Колбасьев Сергей Адамович
Салажонок
Васькино полупальто, когда-то защитного цвета, от жирных пятен и прочей грязи стало почти черным. Из многочисленных его дыр клочьями лезла бурая вата, и рукава его, дважды подвернутые, все же были длинны. Все это, однако, Ваську не смущало. Его щегольство имело особый характер — он носил за веревочным поясом две разряженные ручные гранаты. Из сказанного совершенно ясно, что Ваське было шестнадцать лет, что он был партизаном и что рассказ этот начинается в тысяча девятьсот двадцатом году.
О Васькином происхождении и судьбе много говорить не приходится, — они были самыми обыкновенными. Отец, харьковский железнодорожник, пропал во время немецкой войны; мать, уборщица в эпидемических бараках, два года спустя умерла от сыпняка. Ни сестер, ни братьев у Васьки не было. Он сел в поезд и поехал к родным в деревню, но до него по тем местам прошли петлюровцы, и ни деревни, ни родных он не нашел. Зато его нашел партизанский отряд Чигиря. Чигирь был толстым и хладнокровным пастухом. Он отлично умел спускать под откос белые поезда и не без успеха громил неприятельские обозы. Он одновременно с Махно изобрел пулеметы на тачанках и снабжал свои боевые колесницы соответствующими надписями: впереди — «Черта лысого уйдешь» и сзади — «На-кась, выкуси». Кормили в его отряде превосходно.

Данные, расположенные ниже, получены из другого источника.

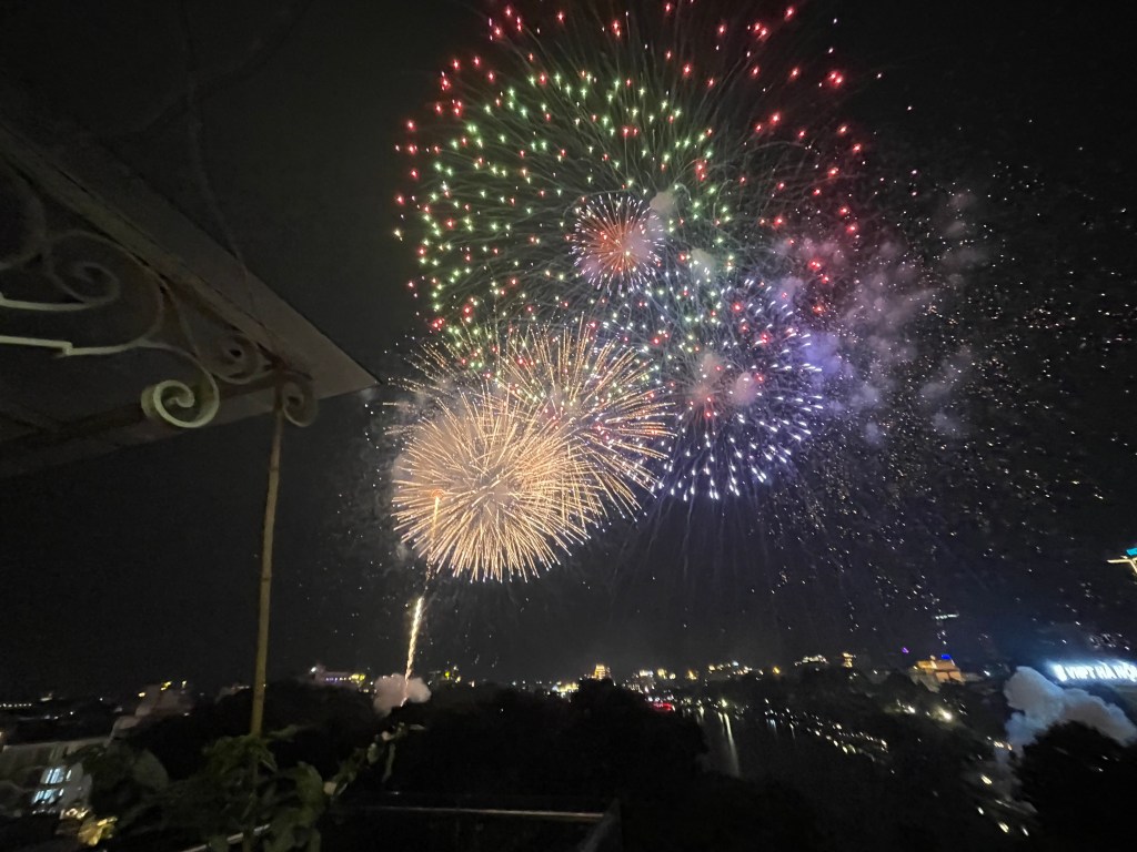 After the meal we returned to the hotel where they had arranged tables on the roof for guest to watch the fireworks. There was one large table I think of Chinese and next to us a family of 3 from Hanoi. Food was served from the patisserie next door and we shared a bottle of wine. The view was perfect – across the lake – with the fireworks exploding directly above our head. A huge display that went on for at least 20 minutes. There were crowds and music around the lake and there was very much a celebratory atmosphere.

Лето и зиму Васька провоевал в должности разведчика, подручного при пулемете, помощника кашевара и вообще партизана широкой специальности. К весне белый тыл ушел в Крым, в бутылку, куда залез последний генерал — Врангель. Дело партизанщины окончилось, но охота партизанить осталась. Чигирь решил переметнуться к белым, и переметнулся бы, если бы его ближайший друг и помощник, кузнец Сашка Дрягалов, вовремя его не пристрелил. Постреляв еще немного, Дрягалов отвел отряд разоружаться в Мариуполь. Таким образом, к первому мая тысяча девятьсот двадцатого года Васька оказался в абрикосовом саду на горке над Мариупольским портом.

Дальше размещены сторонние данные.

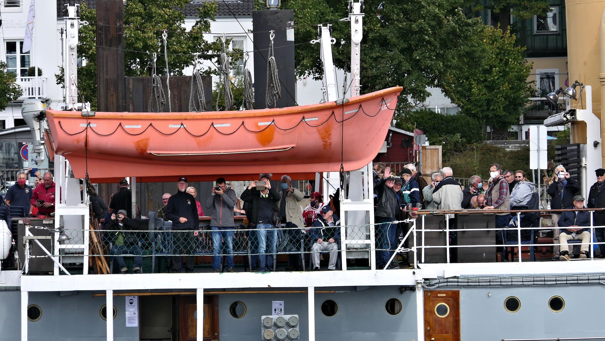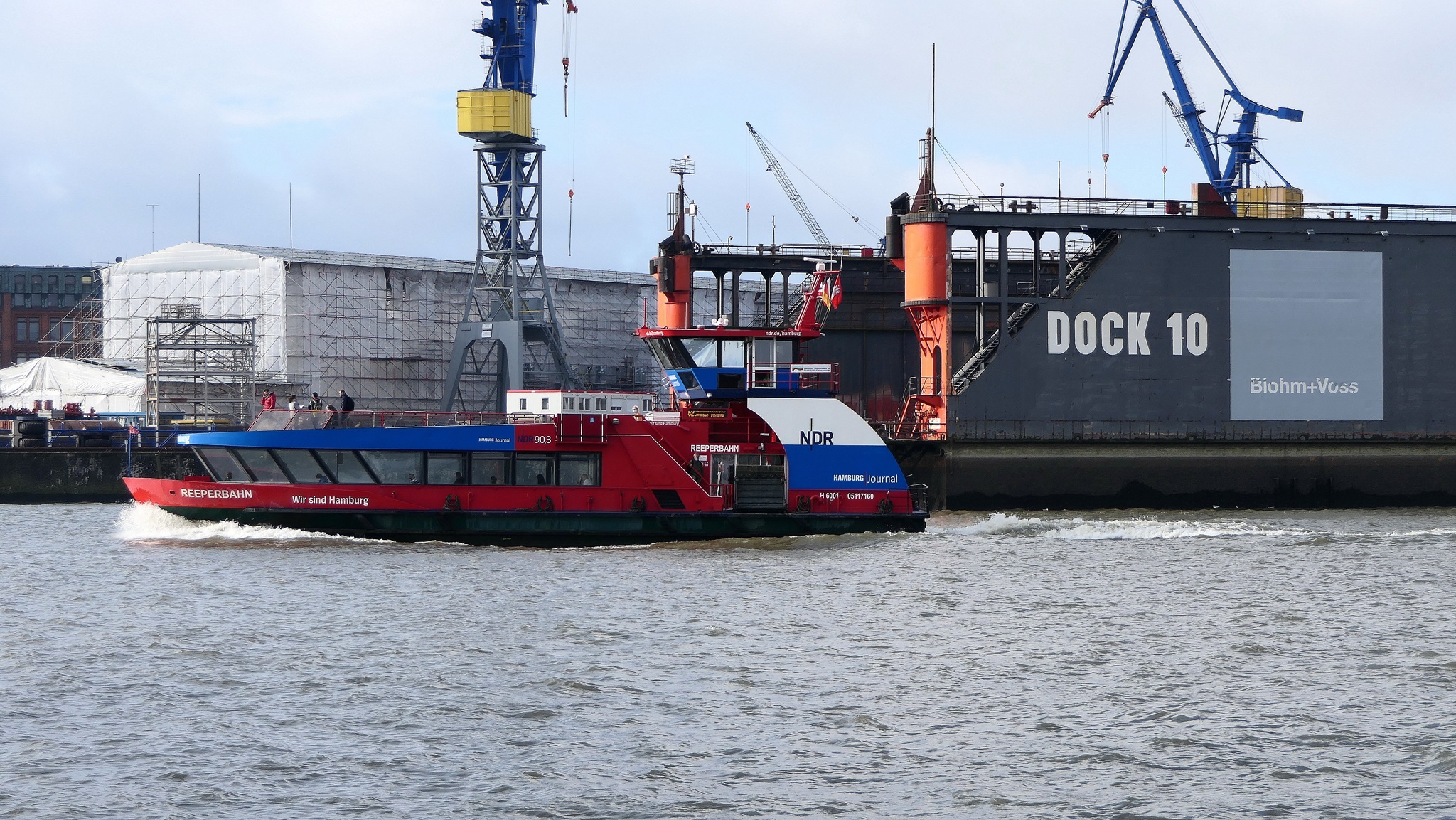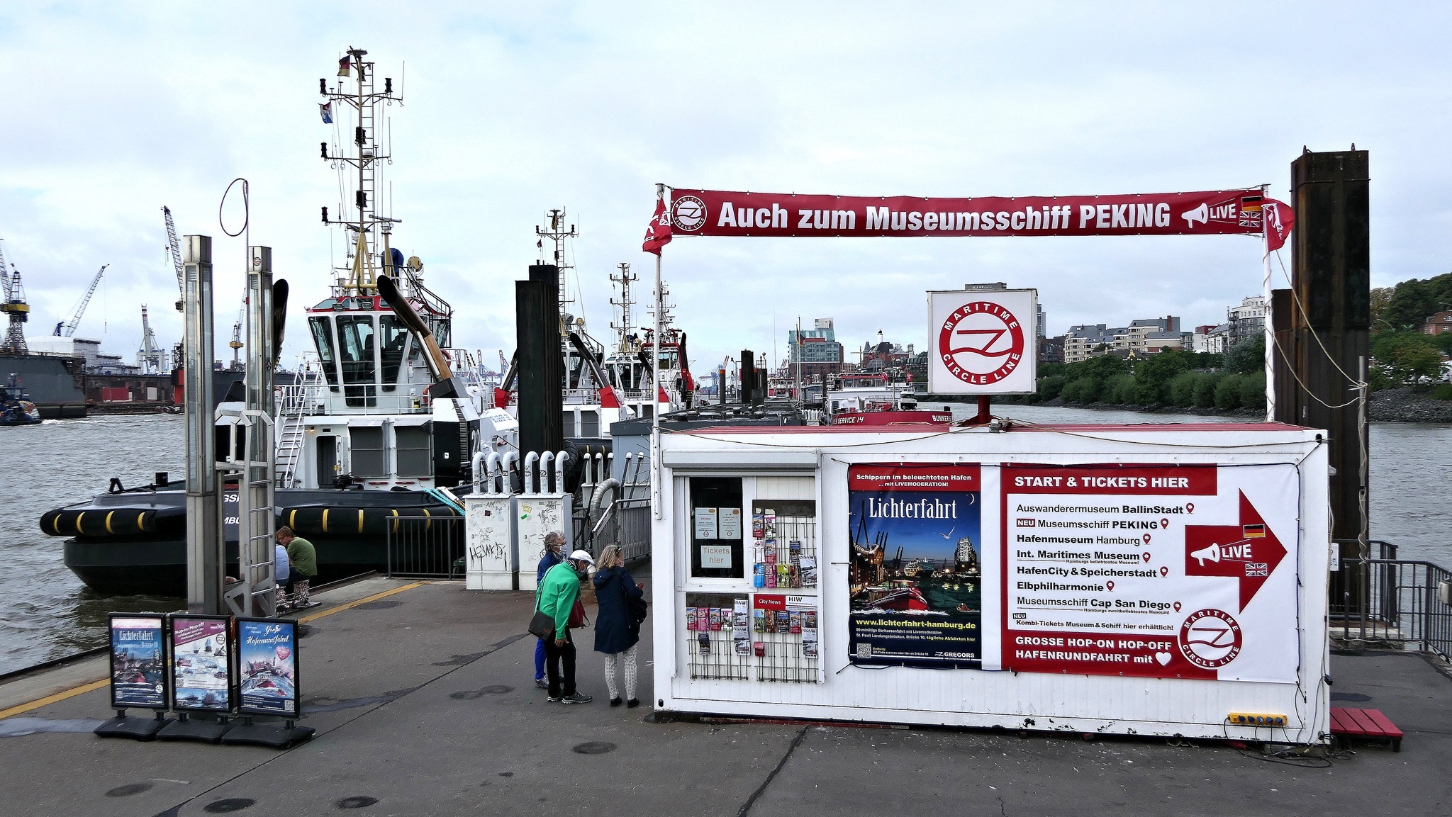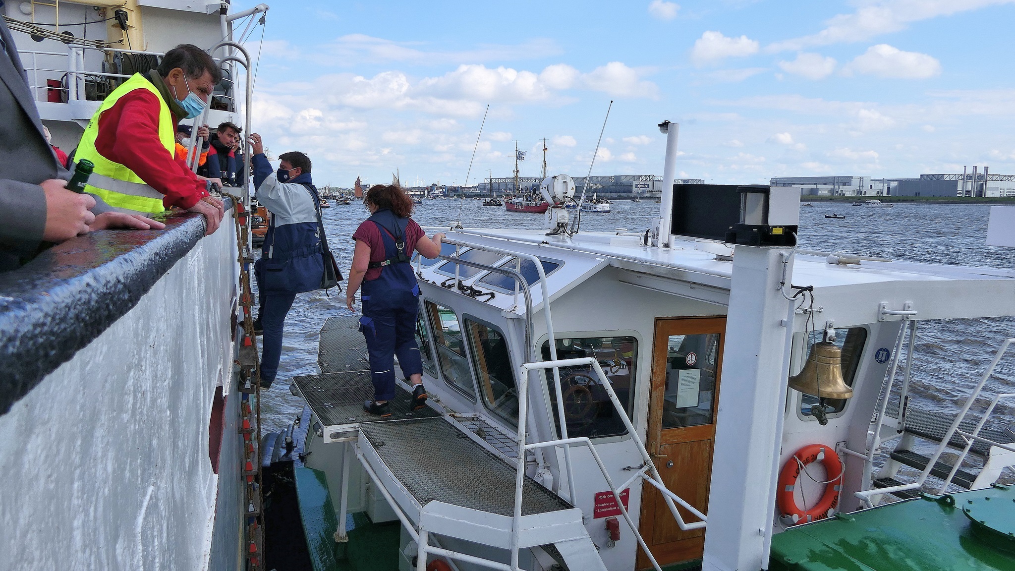 Wir warten auf die Barkasse zum Hansahafen

Абрикосов еще не было, а потому все Васькино внимание было обращено в сторону моря. Он видел его впервые, но был разочарован — оно лежало совершенно гладкое и пустое.
Справа синей неинтересной полосой тянулась Белосарайская коса, слева и впереди просто ничего не было. Васька зевнул, прикрывая рот рукой, повернулся и пошел. Он определенно был недоволен всем на свете, и в особенности слишком горячим солнцем.
В чертовом полупальто можно было задохнуться, но снимать не годилось: не было рубахи. От адской жары хотелось пить, а пить было нечего. Кончилась Васькина вольная жизнь, и неизвестно было, что делать и куда податься. Неизвестно даже, куда пойти за пайком.
Может, в Красную Армию? Васька поморщился и замотал головой. После вольной войны идти в работу? Шагать строем да слушать приказы? Новое дело!
Васька отлично знал, что его не возьмут. Скажут; мальчишка-партизан от Чигиря и, может, такой же бандит. Но предпочитал думать, что сам не хочет. Так было легче.
И все-таки было погано. Васька шел сквозь весенний сад и сверкающий день со стиснутыми в рваных карманах кулаками. Он совершенно не соответствовал первомайской природе, и она его раздражала.
— Сволочи! — вдруг вскрикнул за кустом высокий голос.
Это настолько совпало с Васькиным настроением, что он остановился и даже открыл рот.
— Прохвосты! — добавил голос и продолжал стремительным нагромождением яростной, почти непонятной брани. Васька выслушал до самого конца и, только когда у ругателя перехватило дыхание, шагнул вперед.
За кустом, поставив ногу на камень, стоял замечательный военный моряк с крепко напомаженным коком над свирепым лбом, с открытой волосатой грудью и непомерным клешем, перекрывавшим ботинки.
— Что такое? — спросил Васька.
— Что? — возмущался военмор. — А то самое! Управление военного порта, обмундирование первого срока за счет республики!
— Ты чего ругаешься?
Военмор топнул ногой о камень. От этого его ботинок коротко шлепнул подошвой.
— Вот что! — понял Васька. — Подошва, значит. А ты ее проволокой, — и показал на собственные ноги.
— Портовые крысы! Холеры! — снова разъярился военмор. — Разве это товар? Шел по дорожке, прихватил грунта — и нет подошвы! Разве это работа?
Васька соболезнующе плюнул.
— Чтобы я, военмор Яков Суслов, шлепал ихним дрянным барахлом! Чтобы они сидели на нашей шее, сосали нашу кровь и по шесть пар хороших штиблет носили!